Experts say that batteries featuring lithium technology will outlast many of the boats they’re installed in.
Are they worth the extra money?
Whenever you’re on a boat, at least part of the time you’re probably looking around for something you’d want to improve, whether it’s related to performance, convenience, or comfort. Chris Bakken is one of the fortunate few who’s actually been able to act on one of his ideas.
For openers, he is a renewable energy startup and integration consultant who’s worked with lithium-ion technology in heavy-transportation applications such as buses and trucks. But coincidentally, he also happens to be a bareboat charterer who frequently finds himself on vessels that lack the battery power to run a blender and a windlass at the same time.
“So I took what I was doing in the bus world and decided we could do that in the yachting world,” Bakken explains. And today, he is the president of ARC3 Energy (www.arc3energy.com) of Portland, Oregon, which makes SeaPack batteries based on lithium-ion technology.
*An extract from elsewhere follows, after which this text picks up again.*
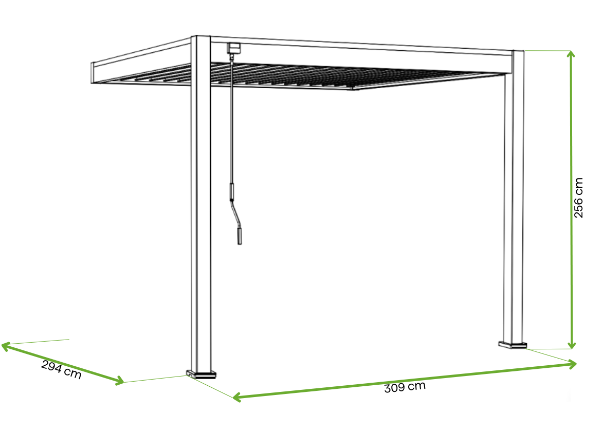 Pergola je vybavena hliníkovými střešními lamelami, které lze otáčet v rozsahu 135°, což umožňuje přesně regulovat množství světla. V horkých dnech lze vytvořit příjemný stín a za chladnějších večerů pootevřít lamely, aby byl zajištěn přísun čerstvého vzduchu. Intuitivní ovládací mechanismus funguje plynule a nevyžaduje velkou sílu, což umožňuje rychlou a pohodlnou změnu nastavení. Díky tomu je přizpůsobení pergoly aktuálním povětrnostním podmínkám jednoduché a pohodlné.

Lithium-ion batteries are so named because they have an intercalated lithium compound as the electrode material compared to lead in a typical Absorbed Glass Mat (AGM) battery. In a lithium-ion battery, lithium moves from the negative electrode to the positive one during discharge and then the process is reversed when the battery is charging.
Lithium-ion batteries have a number of important advantages over competing technologies. Among other things, they are lighter than traditional lead-based batteries. An ARC3 Technologies SeaPack 12-volt, 400-amp-hour/24-volt, 200-amp-hour model weighs 146 pounds compared to a similar AGM lead-based battery which weighs 176 pounds.
For many people, the weight savings is secondary to the efficiency edge that lithium technology holds over AGM. Bakken explains that a typical lead-type battery has three stages of charging. The first floods the battery with current. The second entails absorption, and the third is trickle charging. The problem is that under real-world conditions, once the battery is flooded, the lead plates inside can’t absorb the energy fast enough to handle all the current. More than half is typically burned off. Then the remaining charge needs to be trickled into the battery to eventually get it back to full capacity, a process that can take several hours.
A lithium battery, on the other hand, has only two charging stages: flood and trickle. When the alternator, generator, or battery charger sends energy to a lithium battery, it has the capacity to charge at more than 93 percent efficiency and often reaches capacity in little more than an hour’s time.
Because of this efficiency edge, lithium batteries enjoy a big advantage in how many usable kilowatt-hours a typical unit will produce. ARC3 Energy’s 12-volt, 400-amp-hour/24-volt, 200-amp-hour battery fits within the same footprint as a typical 8D battery. But it has four usable kilowatt-hours compared to a typical AGM that produces about one.
Of course, nothing is perfect. Lithium-ion batteries are very expensive. The model I just described costs $5,900 (compared to $800 for a top-of-the-line AGM). That seems like crazy money until you consider that you’ll probably never have to replace the lithium model. “I’ll be the first to say these batteries will outlive the life of the boat they’re going into,” notes Bakken.
For you Internet fans worried about marine lithium-ion batteries blowing up after reading about batteries exploding in computers and cell phones, the batteries used in boats typically use lithium-iron phosphate, which makes them much more stable as a power source. “Accidents like those are not possible in iron-phosphate chemistry,” says Bakken. “You can punch a hole in one of our batteries and there will be no catastrophic failure. We’ve done it with a drill.”
One reason for the bigger price tag is that ARC3 Energy provides a sophisticated control system with every battery. Inside each is a circuit board that controls the input and output current of the battery. It links to a monitor that’s either handheld or installed at the helm of your boat. It won’t let too much current go in or out, thereby preventing battery damage. It also won’t let the battery’s voltage drop below 80 percent depletion. On the verge of such an event, a light on the monitor will blink indicating you need either to start the engines, fire up the generator, or activate your boat’s battery charger.
As with any technology, there’s a learning curve to lithium-ion batteries that technicians and other marine-industry professionals are facing. Because of the power contained within, a lithium-ion battery will fry a typical jumper pack designed for an AGM battery. Also, because of the variations in chemistry and output, the two types can’t be used in parallel. They must be kept isolated.
Of course, ARC3’s is not the only lithium-ion marine battery technology on the market. Mastervolt (www.mastervolt.com), Lithionics Battery, (www.lithionicsbattery.com), and Lithium Pros (www.lithiumpros.com) also sell lithium-ion-based batteries for marine and other applications.
Just remember. Choose any of these products and you’ll most assuredly have enough power to run your blender and your windlass at the same time.